Working directly with this raw JSON is cumbersome. You need to:

  • Navigate deeply nested structures

  • Handle dozens of different node and mark types

  • Deal with optional attributes and edge cases

  • Convert to human-readable formats for processing

The Solution

atlas_doc_parser provides a clean abstraction layer:

  1. Parse: Deserialize ADF JSON into strongly-typed Python dataclasses

  2. Navigate: Work with an Abstract Syntax Tree (AST) structure with proper types

  3. Transform: Convert to other formats (currently Markdown, more to come)

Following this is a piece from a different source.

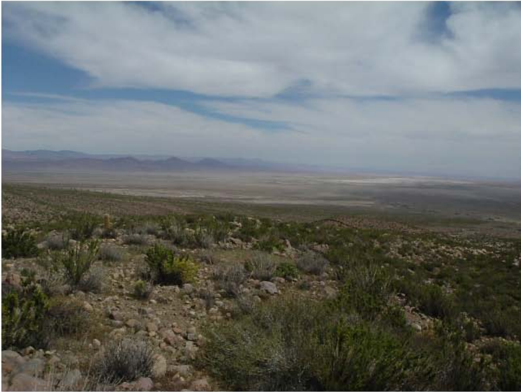
Foto 1. Vista general de la vega de Turi desde Cupo.

from atlas_doc_parser.nodes.node_doc import NodeDoc

# Parse ADF JSON into Python objects
doc = NodeDoc.from_dict(adf_json)

# Now you have a proper AST
for node in doc.content:
    if node.type == "paragraph":
        for child in node.content:
            print(child.text)

# Convert to Markdown
markdown = doc.to_markdown()

Why Markdown?

In the era of AI and Large Language Models, knowledge stored in Confluence and Jira needs to be accessible for:

  • AI Training: Feed structured documentation to language models

  • RAG Systems: Build retrieval-augmented generation pipelines

  • Knowledge Bases: Create searchable, AI-friendly documentation

  • Content Migration: Move content between platforms

Markdown is the lingua franca for these use cases - it’s plain text, universally supported, and preserves document structure while remaining human-readable.

Future Directions

While to_markdown() is the primary transformation today, the architecture supports adding more conversions:

  • to_html() - Direct HTML output

  • to_rst() - ReStructuredText for Sphinx documentation

  • to_docx() - Microsoft Word documents

  • to_pdf() - PDF generation

  • Custom transformations via visitor pattern

The core value is the parsed AST - once you have structured Python objects, you can transform them to any format you need.